Saturday, March 22, 2014

thoughts on lent

This is the third year that my Lenten fast has come in the form of detaching from Facebook for 40-something days. I’ve given up caffeine before (great way to get a Lenten headache and develop latent Lenten irritability). I’ve passed up sweets, TV, and various other components of my day to day existence, but none has exposed my soul to the degree that fasting from Facebook has. That sounds odd, maybe even petty, and I’m mildly embarrassed to admit it. But it’s true.

The thing is, though my other Lenten fasts have required some measure of sacrifice (did I mention the caffeine headache?), or at least heightened awareness, none has really felt like more than an inconvenience. Knowing that the purpose of Lenten fasting is to create spaces to pause and consider God, consider what this season before Easter really signifies in our lives, I would occasionally attempt to turn a caffeine headache into a pained prayer, or a sweet tooth moment into a brief entrĂ©e for the holy into the common. If I am honest, though, my awareness of God’s presence was not heightened to any great degree during those particular Lenten seasons. Fasting from Facebook, however, brings into bold clarity something of which I am only vaguely aware most of the time:

I am deeply lonely a lot of the time, and I attempt to use Facebook to fill in my empty spaces.

Well now, that’s embarrassing. As I said, I am vaguely aware of this most of the time. That’s because if I am honest with myself, I know full well that Facebook is actually a pretty shitty antidote to loneliness. Using Facebook as a substitute for human interaction is like using Runts to fill a fruit craving (on what planet does that actually taste like a banana?). I open the page, hope for a notification, maybe scan some photos and statuses (stati?), as if that actually means I’ve had some form of interaction with someone or shared life with them in any significant way.
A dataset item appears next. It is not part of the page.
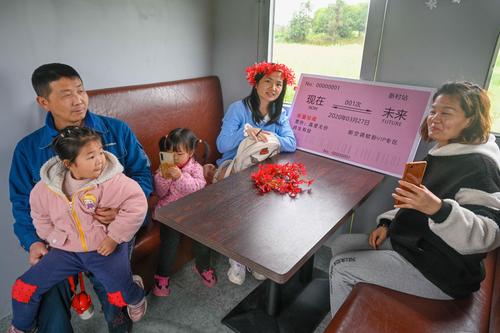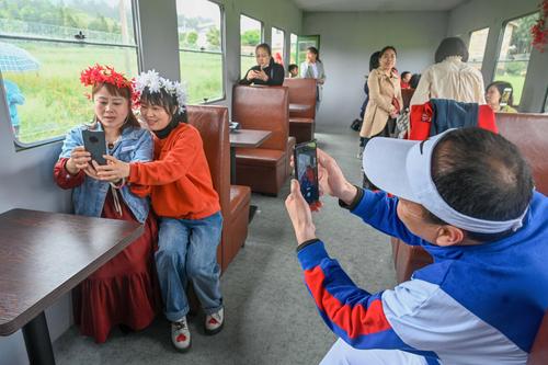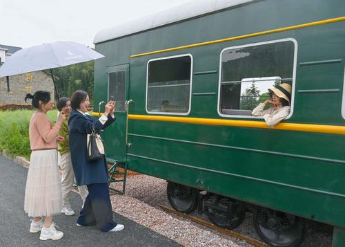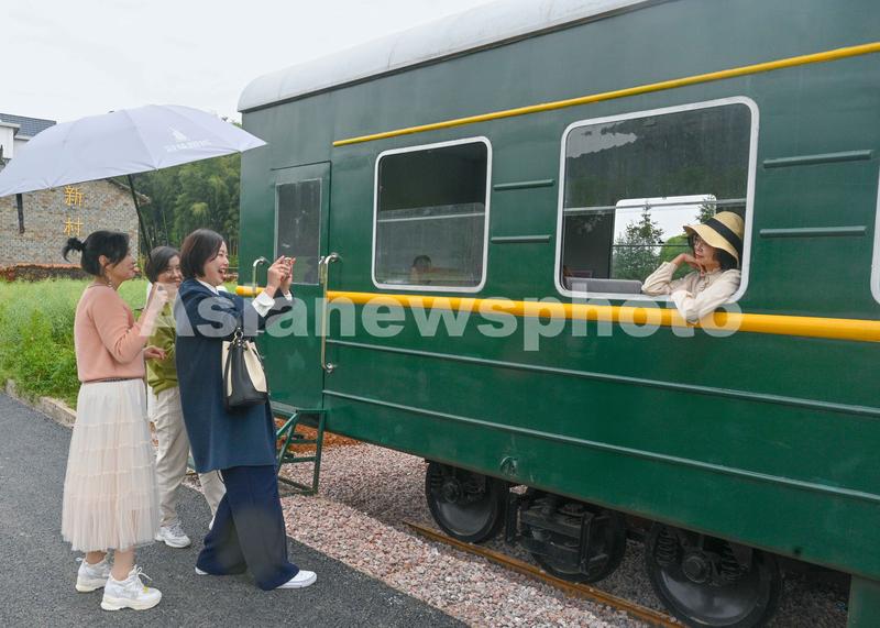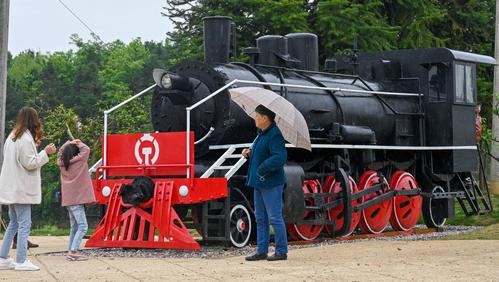 2021年4月11日,江西省上饶市婺源县太白镇新村“火车风情小镇”,游客体验绿皮火车并拍照留影。
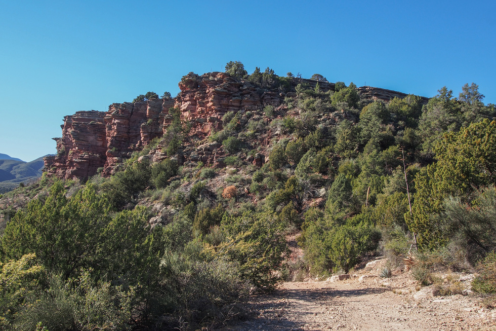 Approaching the location for starting up the ridge to the cliff top from the LF Ranch road

I get a little disappointed, maybe even jaded, and close the window, only to reopen it as soon as a pang of loneliness (or boredom) hits, as if the odds of the Facebook-Fix healing my heart this time are somehow higher than they were 2 minutes ago. Unlikely, and I know it, but I twitch like an addict and type in the address again.

Enter Lent, when no matter how big the twitch is, maintaining my integrity means staying my hand and sitting with my loneliness. It isn’t a fleeting craving for sugar, or a moment before Tylenol kicks in, or a brief interlude while I figure out what to do with the TV off. It’s this huge space in me that aches more than itches. And there, in the vacuum, a space opens for God. There my awareness of my own heart is heightened, and my mind is recalled to a recognition that he has promised to fill that vacuum in a way that no one else will ever be able to do. I recall memories of times in my life when I leaned more fully into the belief that he belongs in that space. And I am keenly aware that these days I daily post a No Vacancy sign so that Facebook can promise company and stand me up again. And again. And again.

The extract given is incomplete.